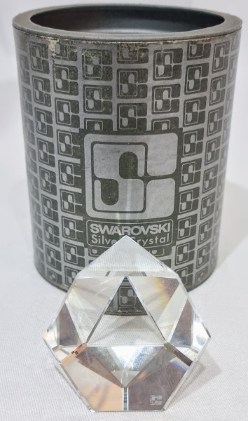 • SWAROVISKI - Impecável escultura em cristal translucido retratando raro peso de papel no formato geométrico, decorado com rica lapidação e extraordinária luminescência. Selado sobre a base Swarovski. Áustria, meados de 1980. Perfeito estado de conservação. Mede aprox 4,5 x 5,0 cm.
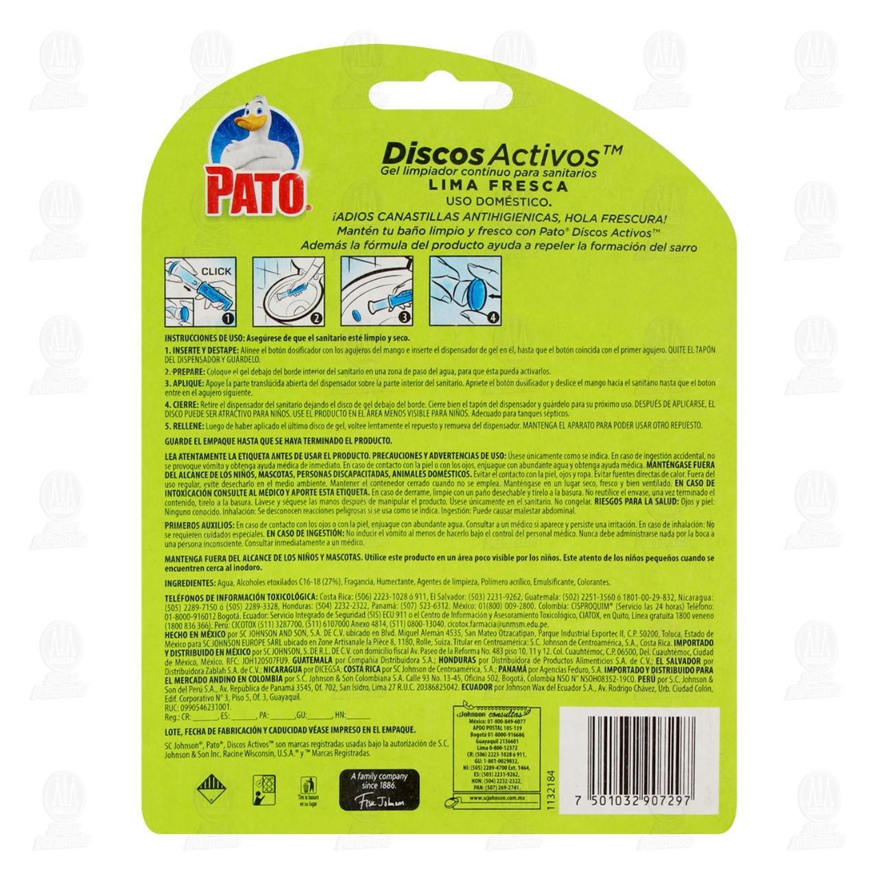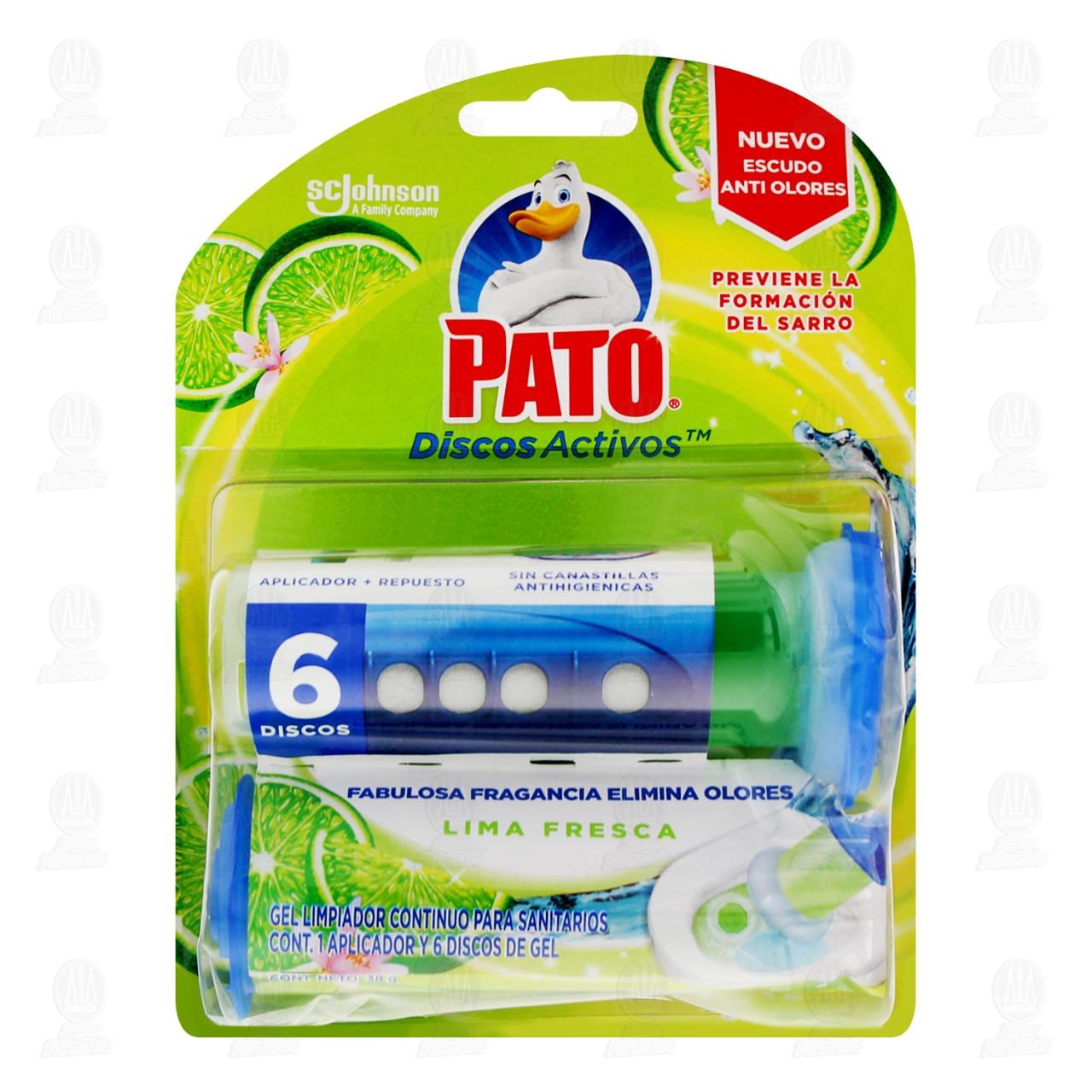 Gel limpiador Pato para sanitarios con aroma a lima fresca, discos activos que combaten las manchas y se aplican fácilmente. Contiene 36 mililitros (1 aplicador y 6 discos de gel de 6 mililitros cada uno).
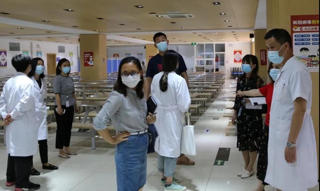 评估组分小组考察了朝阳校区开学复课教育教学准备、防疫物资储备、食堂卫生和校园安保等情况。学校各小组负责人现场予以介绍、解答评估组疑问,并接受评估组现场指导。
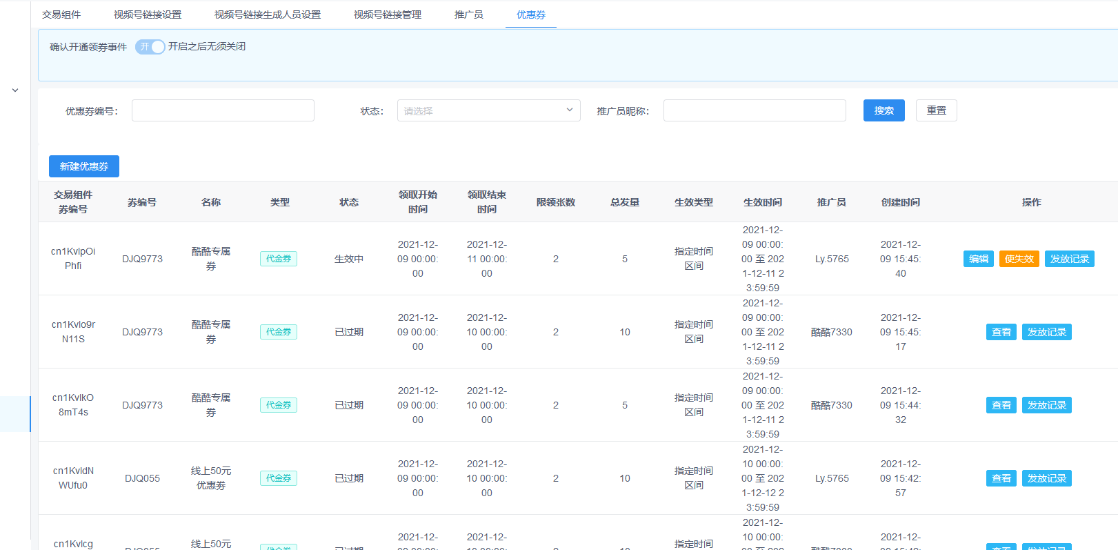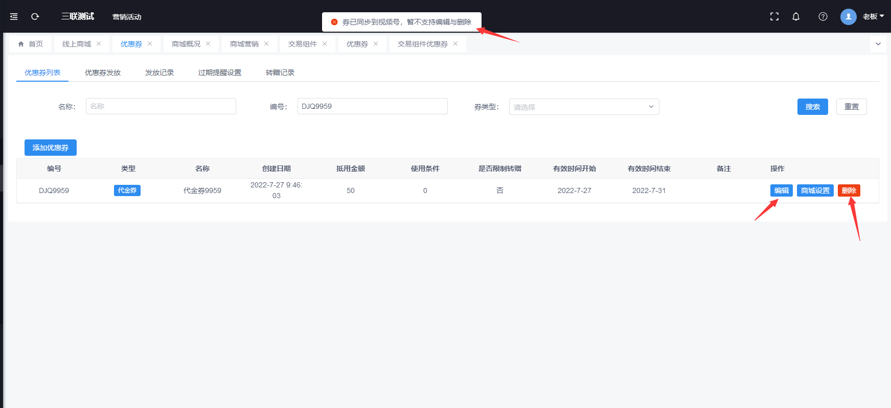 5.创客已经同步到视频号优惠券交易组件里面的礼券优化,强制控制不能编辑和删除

§

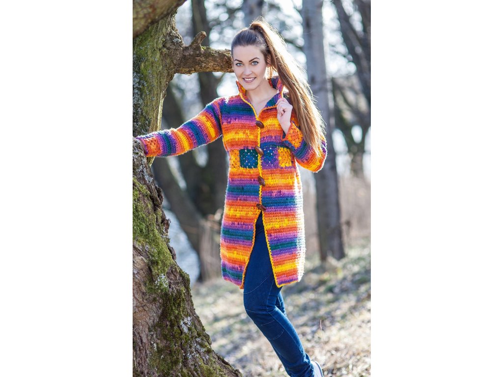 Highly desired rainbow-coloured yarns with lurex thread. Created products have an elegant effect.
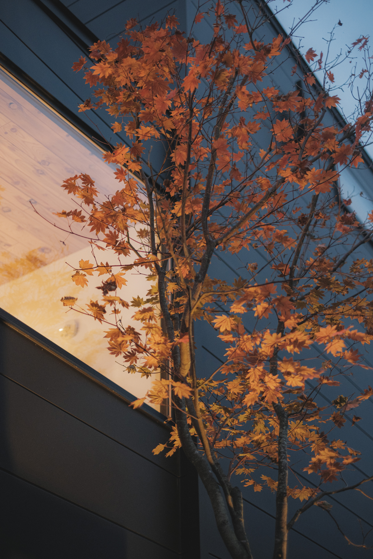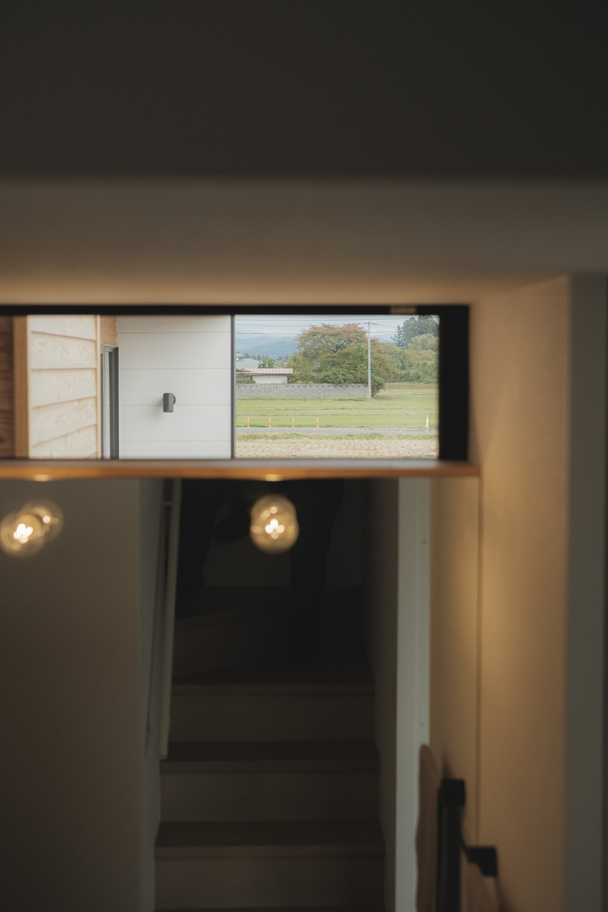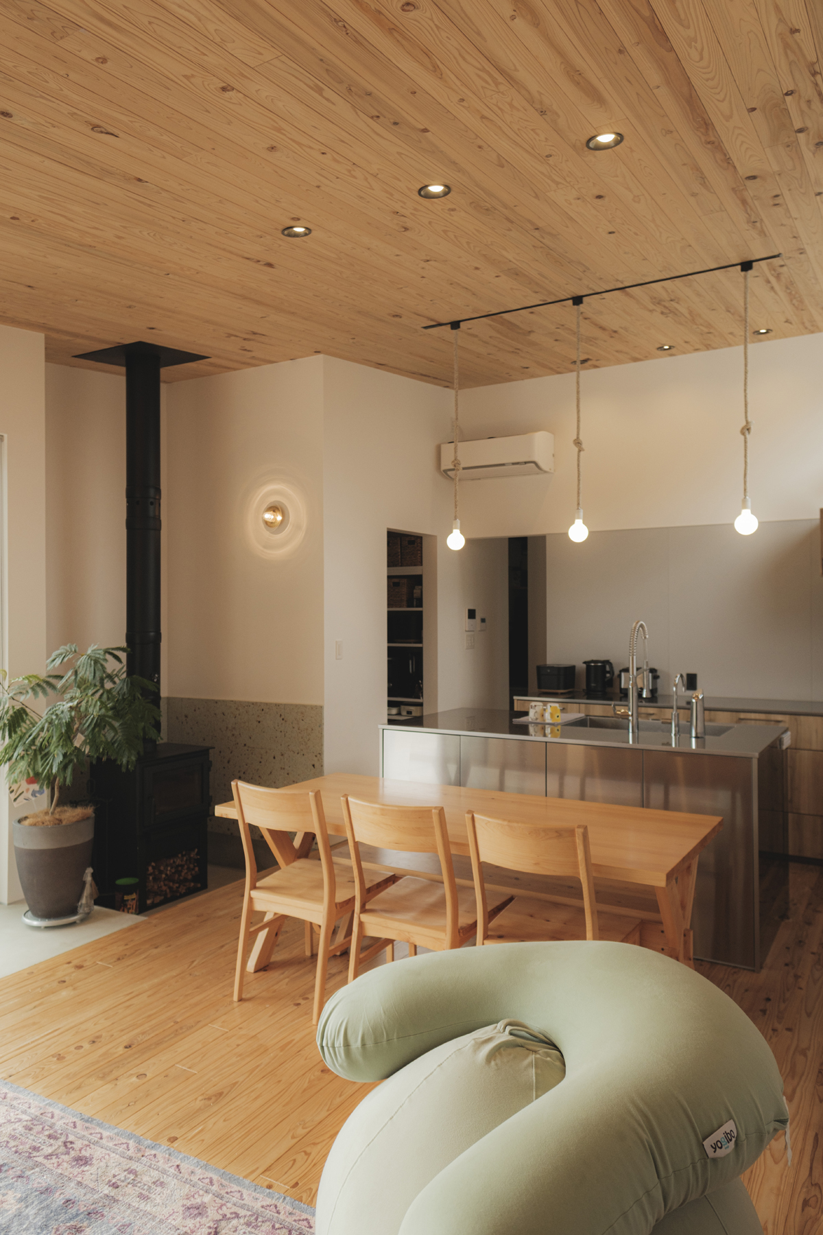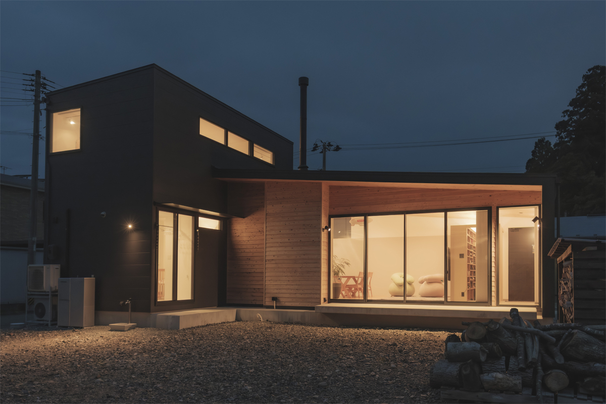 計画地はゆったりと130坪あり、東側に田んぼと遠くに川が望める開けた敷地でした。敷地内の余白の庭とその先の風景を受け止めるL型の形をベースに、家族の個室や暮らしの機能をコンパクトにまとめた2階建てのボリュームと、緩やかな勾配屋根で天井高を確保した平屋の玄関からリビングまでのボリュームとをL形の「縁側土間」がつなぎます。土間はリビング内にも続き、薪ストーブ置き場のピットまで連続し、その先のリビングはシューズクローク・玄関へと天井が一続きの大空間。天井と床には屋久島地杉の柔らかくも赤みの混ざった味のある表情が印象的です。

§

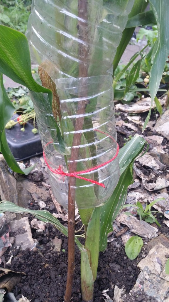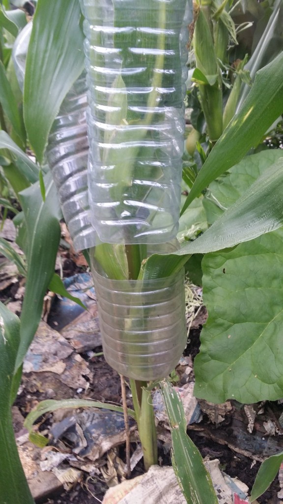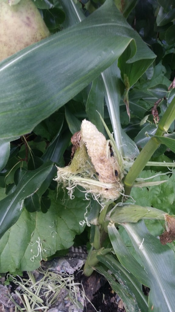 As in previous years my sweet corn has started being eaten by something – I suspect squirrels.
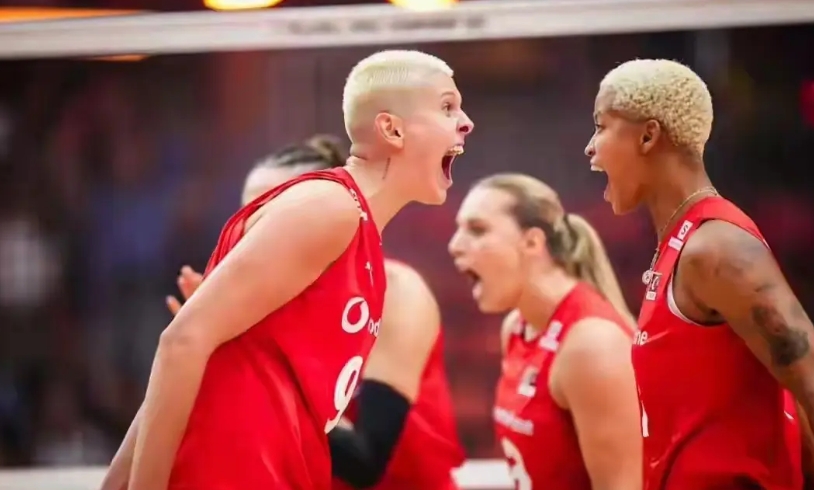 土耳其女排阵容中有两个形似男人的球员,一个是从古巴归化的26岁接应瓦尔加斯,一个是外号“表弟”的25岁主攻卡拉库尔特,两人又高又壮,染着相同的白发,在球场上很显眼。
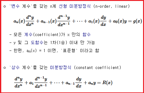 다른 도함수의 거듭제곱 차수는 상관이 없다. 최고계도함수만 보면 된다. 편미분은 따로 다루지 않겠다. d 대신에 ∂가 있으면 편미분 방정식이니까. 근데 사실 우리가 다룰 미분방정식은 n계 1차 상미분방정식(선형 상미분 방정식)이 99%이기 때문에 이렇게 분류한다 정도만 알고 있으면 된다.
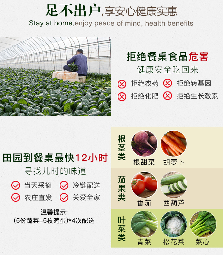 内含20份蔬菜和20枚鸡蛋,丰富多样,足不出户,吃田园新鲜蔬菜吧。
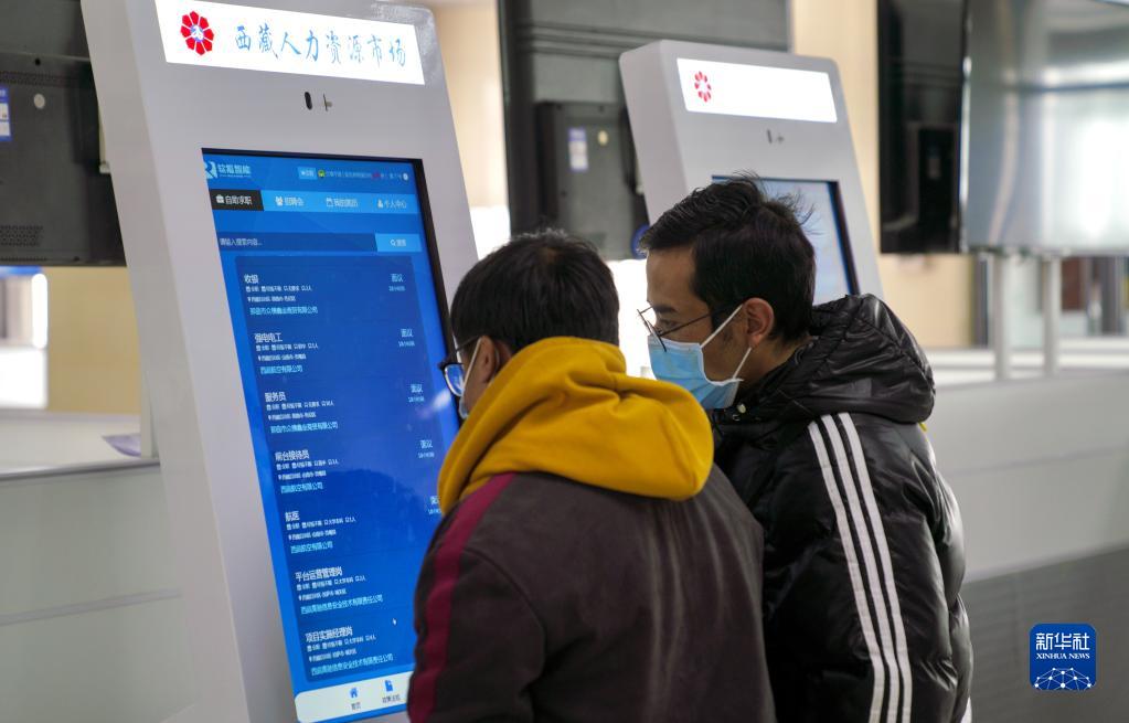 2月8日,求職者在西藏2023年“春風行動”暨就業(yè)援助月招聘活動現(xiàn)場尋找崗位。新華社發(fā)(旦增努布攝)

§

* **Exercise directions**: In the listing above, find the line with "Gel limpiador Pato" and the line with "5.创客已经同步到视频号优惠券交易组件里面的礼券优化,强制控制不能编辑和删除". Copy exactly those two and every line between, without the pictures.

* **Task response**:
 Gel limpiador Pato para sanitarios con aroma a lima fresca, discos activos que combaten las manchas y se aplican fácilmente. Contiene 36 mililitros (1 aplicador y 6 discos de gel de 6 mililitros cada uno).
 评估组分小组考察了朝阳校区开学复课教育教学准备、防疫物资储备、食堂卫生和校园安保等情况。学校各小组负责人现场予以介绍、解答评估组疑问,并接受评估组现场指导。
 5.创客已经同步到视频号优惠券交易组件里面的礼券优化,强制控制不能编辑和删除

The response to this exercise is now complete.